«Чего им надо, этим переборчивым личинкам?» — ломал голову над своими стаканами Фабр. Сейчас бы отправиться на Пустую дорогу, заглянуть в настоящие гнезда антофор! Нет, он занят в лицее, отлучаться для дальних походов невозможно.
Наконец каникулы. Но теперь сроки ушли, осмотр гнезд в природе ничего не дает. Приходится ждать почти год.
Пока наступит следующая весна, Фабр успеет на тысячи ладов продумать самые невероятные варианты ответа на загадку и посоветуется со стариком Дюфуром; он напишет ему и о ситарисах и о других паразитах антофор из того же гнездовья.

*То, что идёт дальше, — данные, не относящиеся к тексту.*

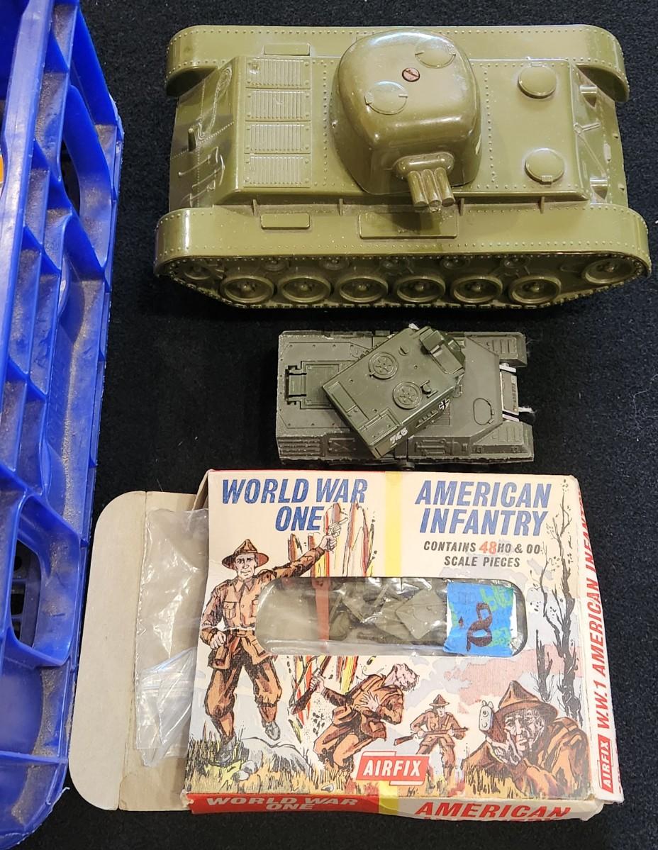 Vintage Tin Hand operated Mechanical Toy Pecking Feeding Chickens & Retro Chuckie E Cheese Cup plus Old Toy tank Soldiers

Отвечая на вопросы молодого коллеги, Дюфур расскажет, как он, занимаясь в свое время пчелами андренами, обнаруживал на них маленькие юркие существа, в которых узнал описанных англичанином Ньюпортом триунгулин. Они оказались личинками жука майки!
Письмо Дюфура открыло глаза Фабру. В самом деле, личинка ситариса во многом похожа на триунгулина майки; майка тоже паразитирует на пчелах антофорах; личинки жуков-паразитов схожи между собой и в то же время отличаются от личинок других жуков; есть основания предположить, что повадки маек и ситарисов также сходны. Но известно, что пчелы сами заносят личинок майки в свои гнезда. Не то же ли происходит и с личинками ситариса?
Подошел апрель. В стаканах проснулось новое поколение перезимовавших личинок. Фабр бросает в стакан пчелу осмию (антофор у него сейчас нет) и следит сквозь лупу за событиями. Ага! Пять юрких личинок впиваются в пушок, покрывающий пчелу. Фабр повторяет опыт дважды, трижды, десять раз — результат тот же.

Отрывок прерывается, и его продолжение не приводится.